We can start from the sentence "it is seen that C is as much behind B as B is behind A". This means the difference between A and B is the same as that of B and C. Therefore A - B = B - C. So we can eliminate A and E first since they don't have the same differences. The important thing to take away here is we can represent the speeds with only 2 variables. If A = x, then B = x - y and C = x - 2y. Furthermore, we can pretend each lap has a distance of x and the time A needs to complete a lap is 1. All we care about is proportions of the speeds. Then for each lap A runs, B runs a distance of x - y and C runs a distance of x - 2y.

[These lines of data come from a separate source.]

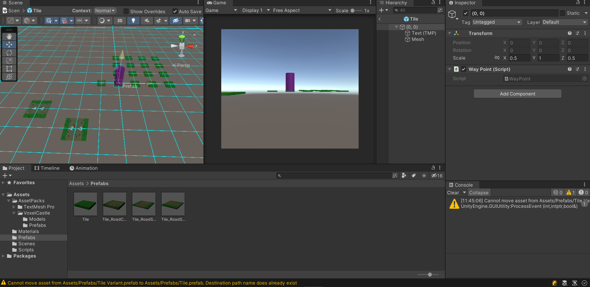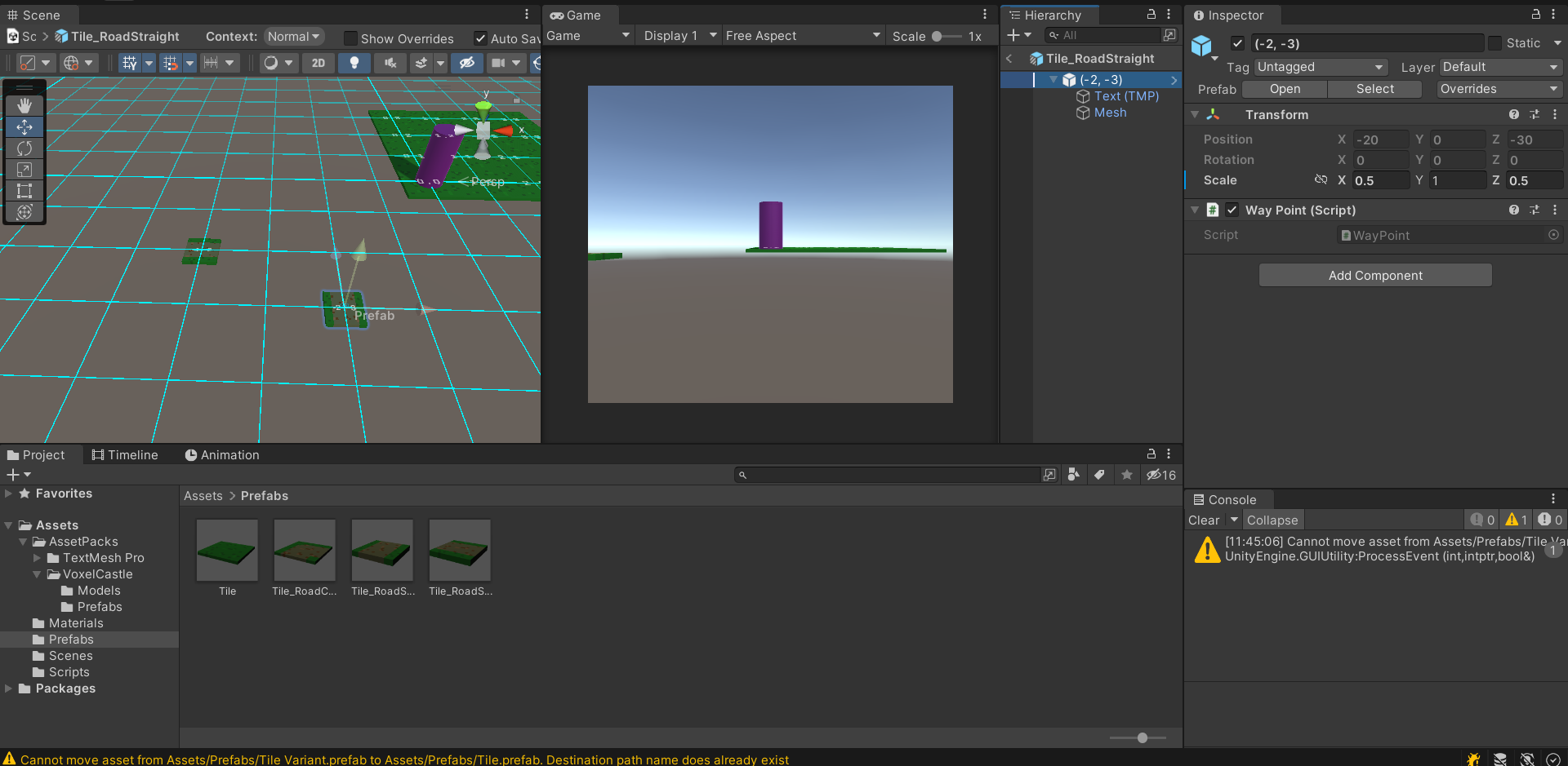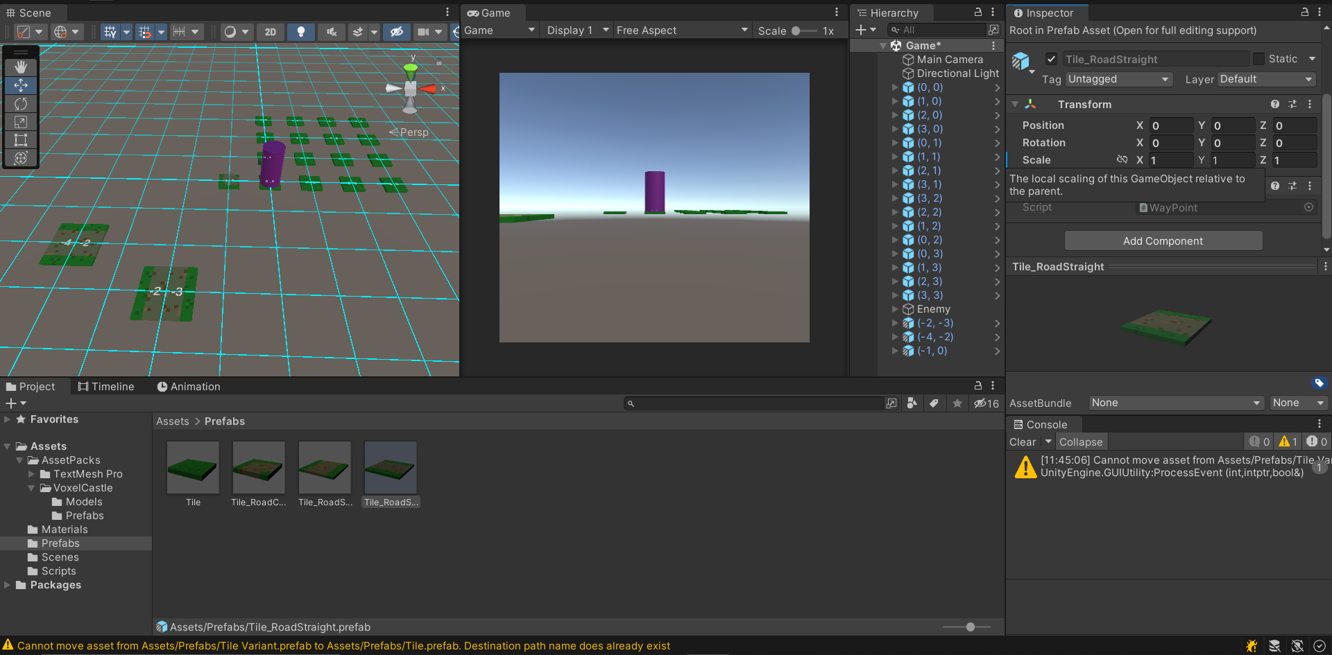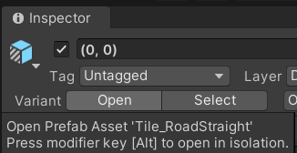 Tile 프리펩을 수정하면 Tile 프리펩의 Variant인 Tile_RoadStraight도 변경사항이 적용되게 된다.(둘은 연결되어 있음)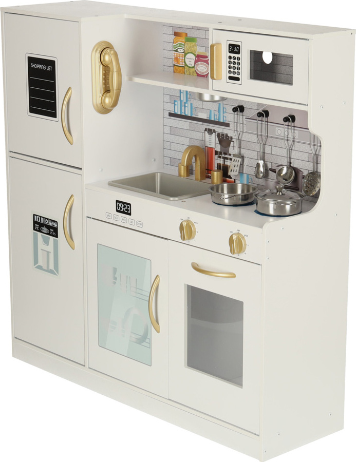 Kuchynka sa skladá z chladničky s mrazničkou, umývačky riadu, mikrovlnnej rúry, sporáka a rúry - všetkého nevyhnutného vybavenia na prípravu chutných jedál . Navyše majú ďalšiu grafiku, aby vyzerali čo najrealistickejšie - tlačidlá na mikrovlnnej rúre, nákupný zoznam na chladničku, hodiny a riad v umývačke. Na chladničke visí telefón, ktorý je na ideálnom mieste na zavolanie mamičke alebo babičke pre tajný rodinný recept. Okrem mnohých spotrebičov sada obsahuje aj príslušenstvo, ktoré je pri varení nemenej dôležité - hrniec, panvicu a ďalšie náčinie .
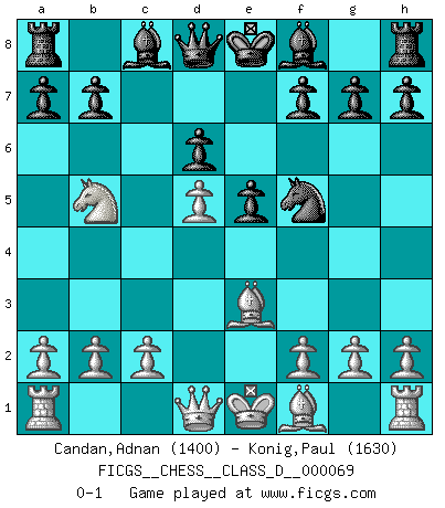 Last move : 0-1 2008 January 7 22:50:53 [Event "FICGS__CHESS__CLASS_D__000069"] [Site "FICGS"] [Date "2007.11.20"] [Round "1"] [White "Candan,Adnan"] [Black "Konig,Paul"] [Result "0-1"] [WhiteElo "1400"] [BlackElo "1630"] 1.e4 c5 2.Nf3 Nc6 3.d4 cxd4 4.Nxd4 Nf6 5.Nc3 e5 6.Ndb5 d6 7.Nd5 Nxd5 8.exd5 Ne7 9.Be3 Nf5 0-1 This chess game has been lost on time (started : 2007.11.20 8:9:49) Sicilian : Pelikan (Lasker/Sveshnikov) variation Player Black won this chess game. Follow this game move after move (download)It was clear to me that the vulnerable point of the American Grandmaster (Bobby Fischer) was in double-edged, hanging, irrational positions, where he often failed to find a win even in a won position. (Efim Geller) Ich trinke, ich rauche, ich spiele, ich liebe Frauen aber Fernschach ist ein Laster, das ich nicht habe. (Mikhail Nekhemyevich Tal) De eso se trata el Ajedrez. Un día le das una lección a tu oponente y al día siguiente el te da una a tí. (Bobby Fischer) Les écrivains ont utilisé les échecs pour analyser les côtés extrêmes de la nature humaine. Dans ce cadre, les échecs offrent un champ d'expérimentation idéal. Mais on pourrait faire la même chose avec la peinture. Et là, en vous référant à Van Gogh, vous ne tirerez pas de conclusion définitive sur les peintres. (Gary Kasparov) Life is like a ten-speed bicycle: most of us have gears we never use. (Charles M. Schulz)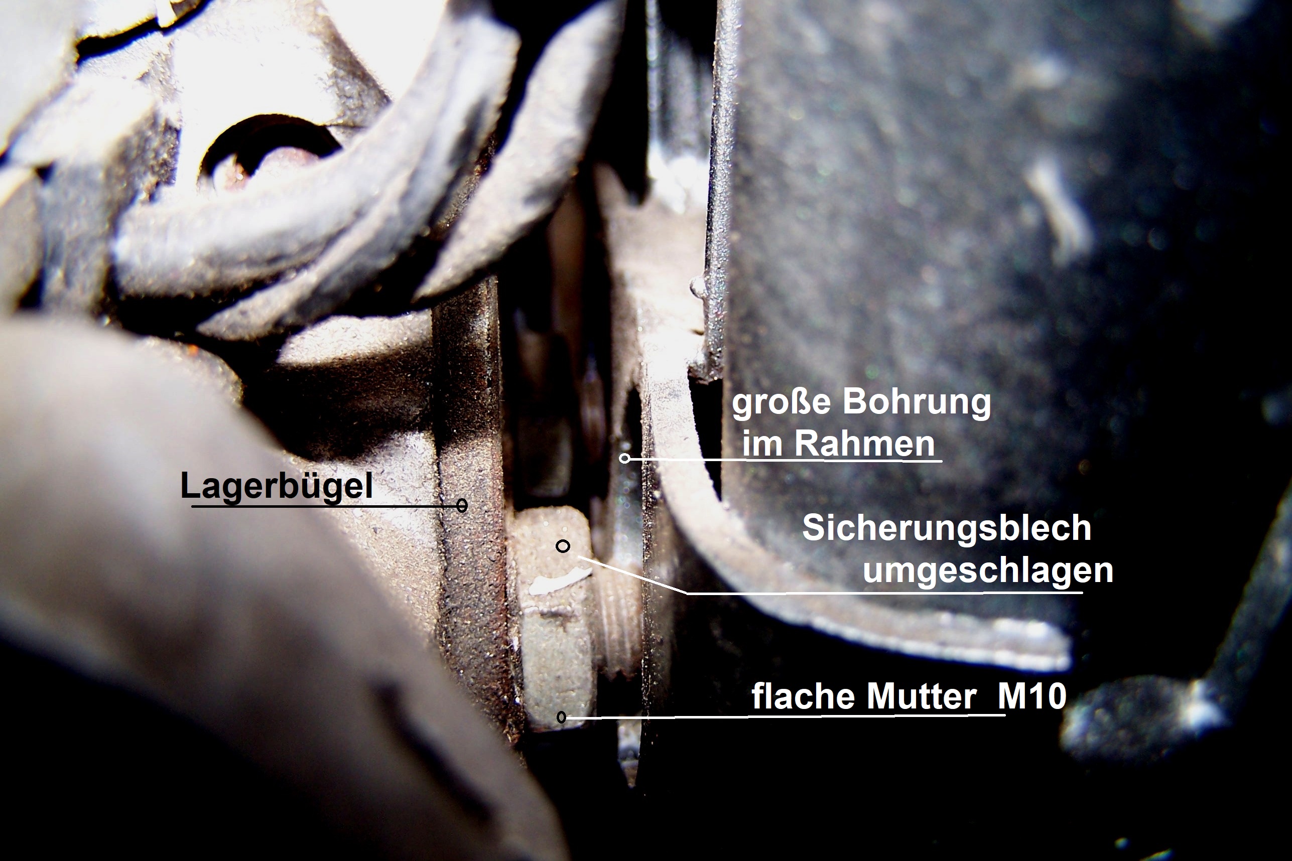 Diese befinden sich genau gegenüber der o.g.flachen Muttern am Lagerbügel und sollen verhindern, dass bei diesen engen Verhältnissen

Next is "when A completes 3 laps ... when A finished 1 lap". The focus is on what happened between these laps. Either C is three times as slow as B, or C ran {1 lap + B's position after one lap of A which is x - 2y} during the 3 laps of A. The former gives \((x - 2y) * 3 = x - y\), \(x = 2.5y\). A = 2.5y, B = 1.5y, C = 0.5y. So A:B:C = 5:3:1, which isn't a choice.

The latter sets up an equation, again using x as the distance for one lap:
One lap + (B's position after one lap from A) = (C's position after 3 laps from A)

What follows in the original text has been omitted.